Then we considered again the exterior opposition of the world, and saw how the witness of that to her Divinity is especially marked in the case of those who were once her friends. The resentment of the apostate is the bitterest resentment in the whole world. The crime of Judas is the most vivid and the most forcible crime in human history.
Next we considered Caiphas -- the type of all religionists who hate Catholicism. At the bottom of their hearts, in spite of their professions of a common Christianity, they know perfectly well that the Catholic Church is entirely different from themselves; since she claims to be unique -- to be the Teacher come from God, and not merely one of the prophets. They themselves, on the other hand, claim that religion is not the particular property of any sect: all have their rights; none has an exclusive right. Therefore they rend their garments in sincere horror in the face of this appalling claim, and condemn her to death.
Next we considered Pilate -- the type of man for whom Catholicism is too simple; the man who is always asking, What is Truth? and never finding it. It is not that he has any hatred of Catholicism; on the contrary, he thinks it a harmless and rather beautiful and pathetic phase. But it certainly cannot be the Truth. So he is forced by circumstances, in spite of his personal sympathy, to condemn her to death.

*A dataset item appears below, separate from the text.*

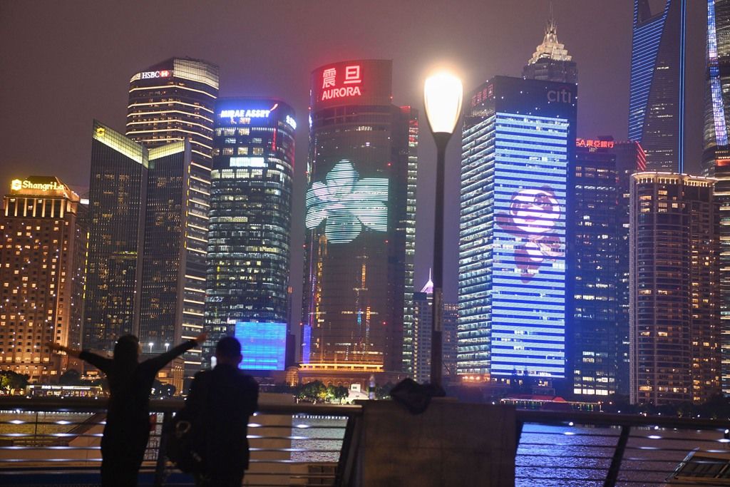 2021年11月4日,第四届中国国际进口博览会暨虹桥国际经济论坛开幕式在上海举行,黄浦江畔上演灯光秀,两岸建筑披上绚丽光影,与江水交相辉映,吸引众多市民游客观赏拍摄。

Or else he is one who has found some little esoteric Society who worships truth all by itself, who thinks that truth is the prerogative of the initiate, or the philosopher, or what he delights to call "the thinking man or the Mystic." It cannot possibly be the possession of the vulgar. The fact that the common people believe anything is to him an absolute evidence that that thing is not true. Truth is never the possession of babes and sucklings: it is the pearl of great price shining only in the locked cupboards of the wise and prudent. It cannot possibly be the marble that children play with in the streets. That would be much too simple and too royal, as, too, are the golden streets in which they profess to play.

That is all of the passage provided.